The plan back then was to make it as easy as possible to build a project that had a number of dependencies for new developers. The main Titan code base built upon VTK, and also made heavy use of Qt, Boost, and a slew of other dependencies that needed to be tested and work on Windows, macOS, and Linux. At the time we decided to make use of the ExternalProject feature in CMake to orchestrate the build process and this is the core of what many of us refer to as the superbuild. I don’t recall whether we had a dedicated external repository or a mixed code with submodules.
I have been meaning to write some of this up for years, and a colleague encouraged me to do so at a recent workshop, so here you go. Let’s get into some of the detail.

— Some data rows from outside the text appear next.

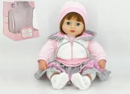 Lalka o długości 45cm, siedząca, zamykane oczy, z dźwiękiem: śpiewa i mówi po polsku. Ubrana jest w białe skarpetki, różową czapkę, różowo-szarą sukienkę, białą kamizelkę. Lalka posiada piękne, długie włosy. Wymiary opakowania: 26 x 34 x 23 cm.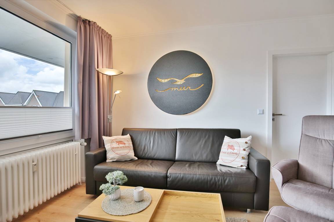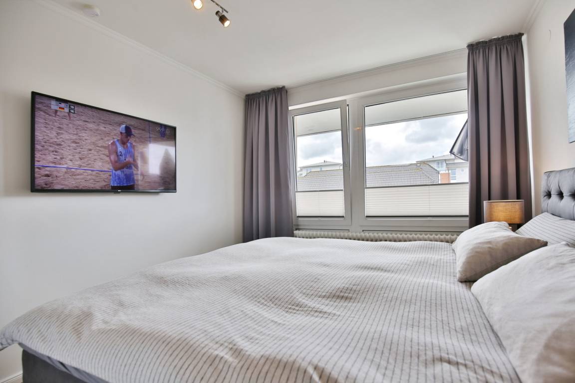 Tolle, moderne 3-Raum-Wohnung für 2 Pers mit Teilseesicht in bester Lage. (60m²), 2.Etage, 1 Schlafzimmer mit Doppelboxspringbett [&] TV, 1 Schlafzimmer mit Futon-Klappsofa [&] TV, Dusche/WC, Wohnzimmer mit schöner offener Küchenzeile (Back., Mikrow., Geschirrspüler) 3xSAT-TV, HiFi-Anlage, W-LAN kostenlos, 1 großer Balkon (west mit Teilseesicht), Balkontür und Fenster mit hochwertigem Mückenschutzsystem versehen, Pkw-Stellplatz #23 vor dem Haus, Nichtraucher.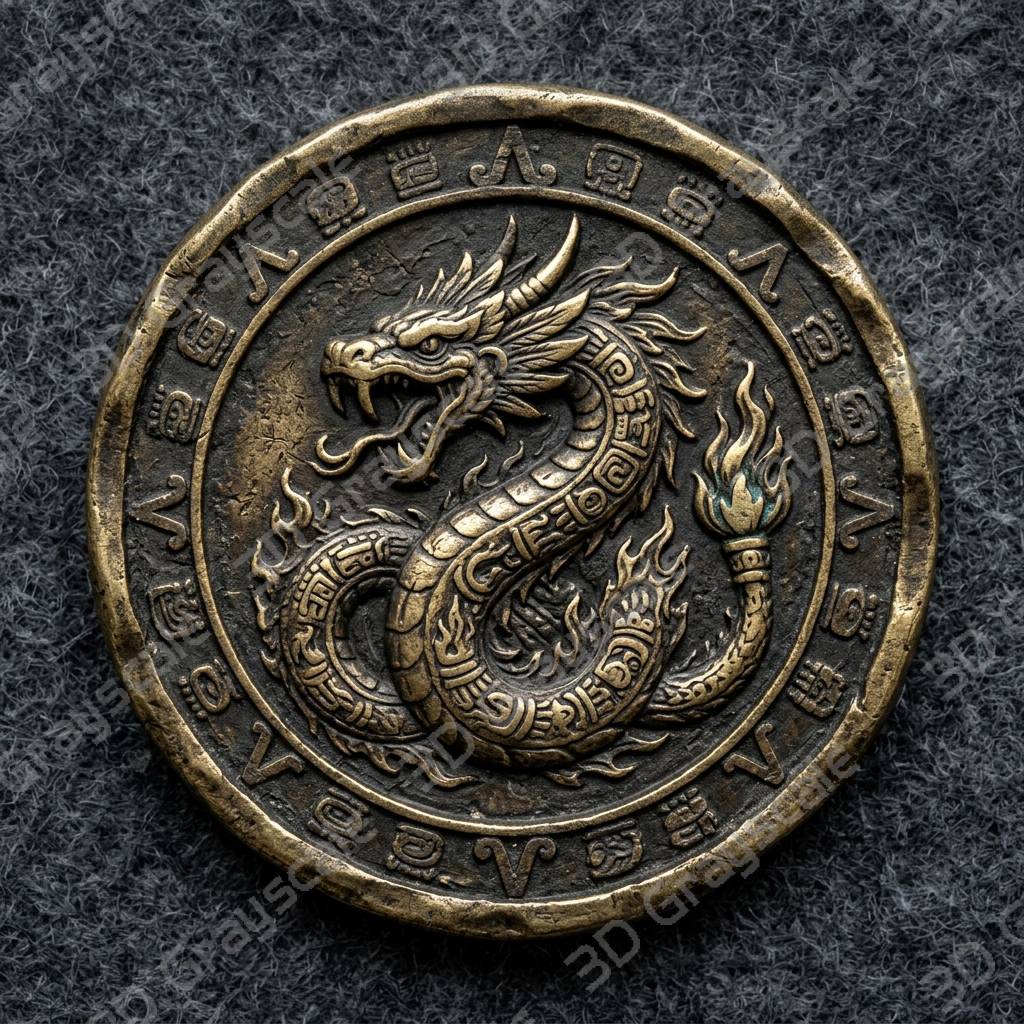 Xiuhcoatl Fire Serpent Aztec Sun Stones Coin Depth Map for Laser Engraving
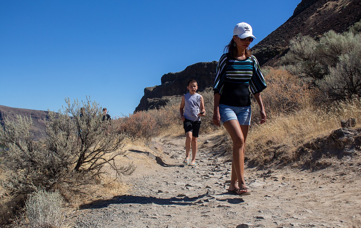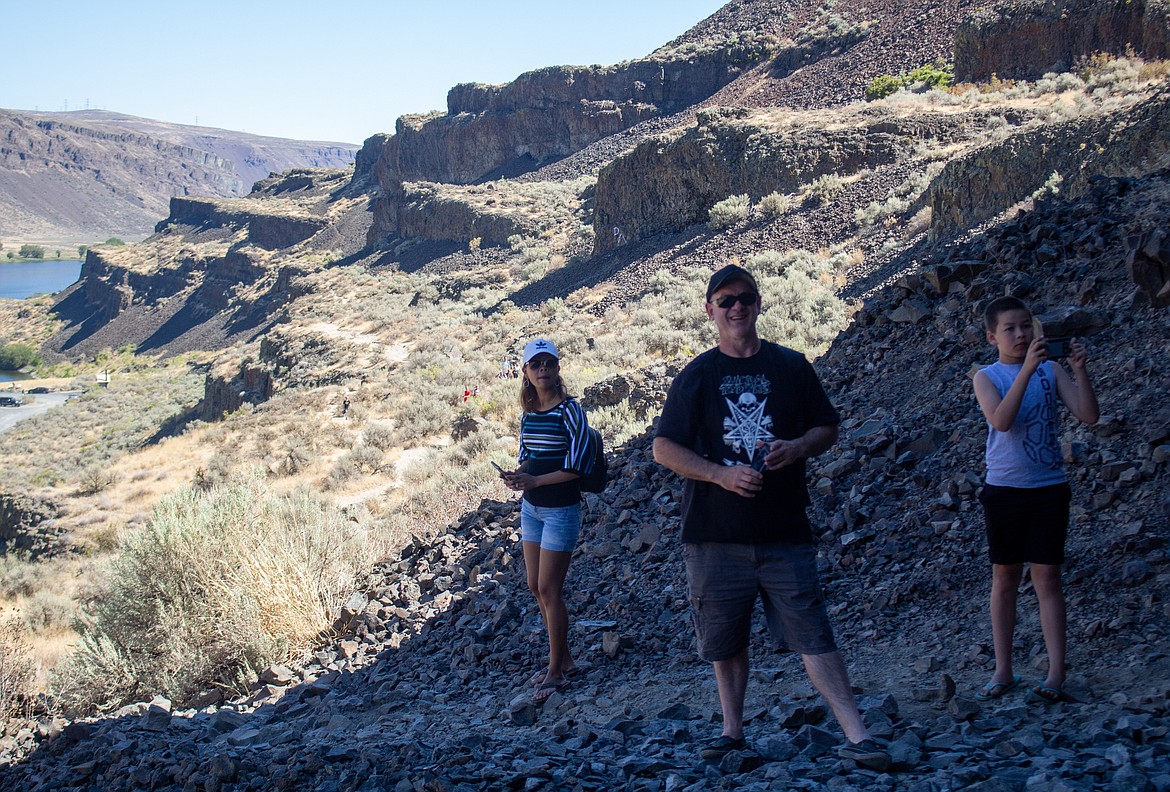 Chris Carrato and his family came over from Everett to visit their vacation home on Blue Lake on the weekend. Out hiking the trails near Lake Lenore Caves on Aug. 9, Carrato said they’re doing anything they can to escape from the west side for a little while.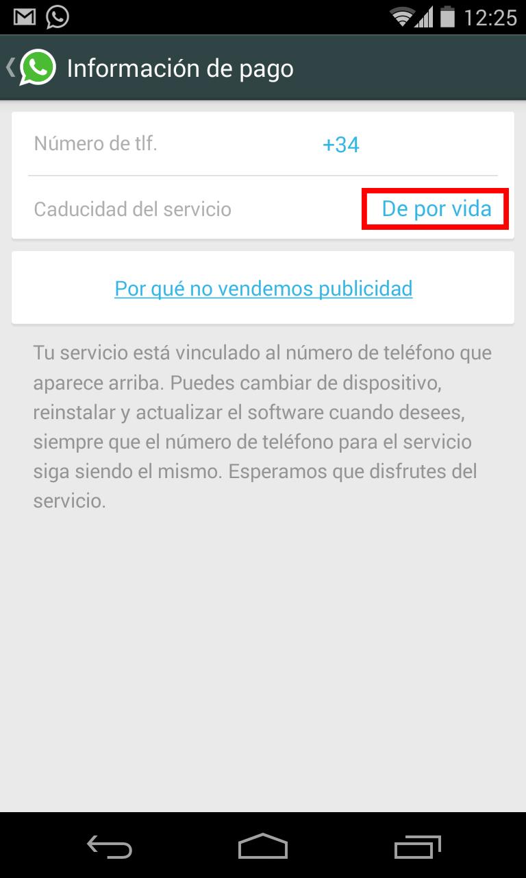 En caso de que debas pagar Whatsapp, te aparecerá la fecha en que caduca tu servicio y, por lo tanto, deberás renovar tu suscripción. Cuando se aproxime la fecha, el servicio de mensajería instantánea te avisará y no te lo cobrará directamente, sino que podrás renunciar en caso de que no desees renovarlo ni pagarlo.

ExternalProject: Never Cross the Streams
If you learned anything from Ghostbusters (at least in the original) you never cross the streams. In my early days of working with ExternalProject there was a strong temptation to mix the ExternalProject targets building dependencies with normal targets building libraries and/or executables. While some people got it to work some of the time we avoided this practice, and maintained a clear separation of the outer coordinating build, and the inner projects that were built in a sequence as specified by their dependencies.
A strong concept you should bear in mind for any superbuild approach is that you will have an outer build, and this build should only concern itself with building other projects. Building CMake projects is by far the easiest, but it is also possible to drive other build tools, the main challenge is mapping everything from CMake to the external build tool so that you get a consistent result. We took the approach of mirroring the source tree layout in the build tree, so that when you have a VTK directory in the top level of the source tree, there is a VTK build directory in the top level of the build tree.
Why?
You may be asking yourself why do we even need to use superbuilds, they just sound like even more complication, and why not just use a package manager. A long time ago I was a Gentoo package maintainer, working on scientific packages and porting to 64 bit processors (which were new back then, I think I am getting old).
One thing we hated was projects that packaged third party libraries in their source tree to “make things easier”. This is a popular practice, VTK has many third party libraries for example, and we have done a lot of work to make it easy to switch to system libraries there. When you do this you must convert these packages to be a part of your build system, and update them regularly. Package maintainers hate this, they spend a lot of time getting everything to use the same version, or slotting several versions when they don’t maintain a stable API.
Superbuilds can remove all of this cruft from the project’s source repository, and enable you to more directly use the upstream project’s build system as an independently built software component. It is basically a poor man’s package manager that you make consistently work across your target build platforms, and if your target platforms have a common package manager you might consider using that instead.
I think they enable the best of both worlds, a project depends on and reuses a number of libraries that make sense but a developer can essentially clone the project and build it in one or two steps. Someone who knows what they are doing should be able to completely ignore your superbuild – experienced developers, packagers, etc. Most developers should be able to use the superbuild to set up their environment.
Types of Superbuild
I would say there are at least three approaches to creating a superbuild, with many hybrids, and probably some I have not come across. I will try to summarize the ones I know of here, along with why you might consider using each type. I have my own preferences, and I will do my best to objectively outline the pros and cons for each. As with many things, there probably isn’t one true way but a set of compromises that makes sense for your project.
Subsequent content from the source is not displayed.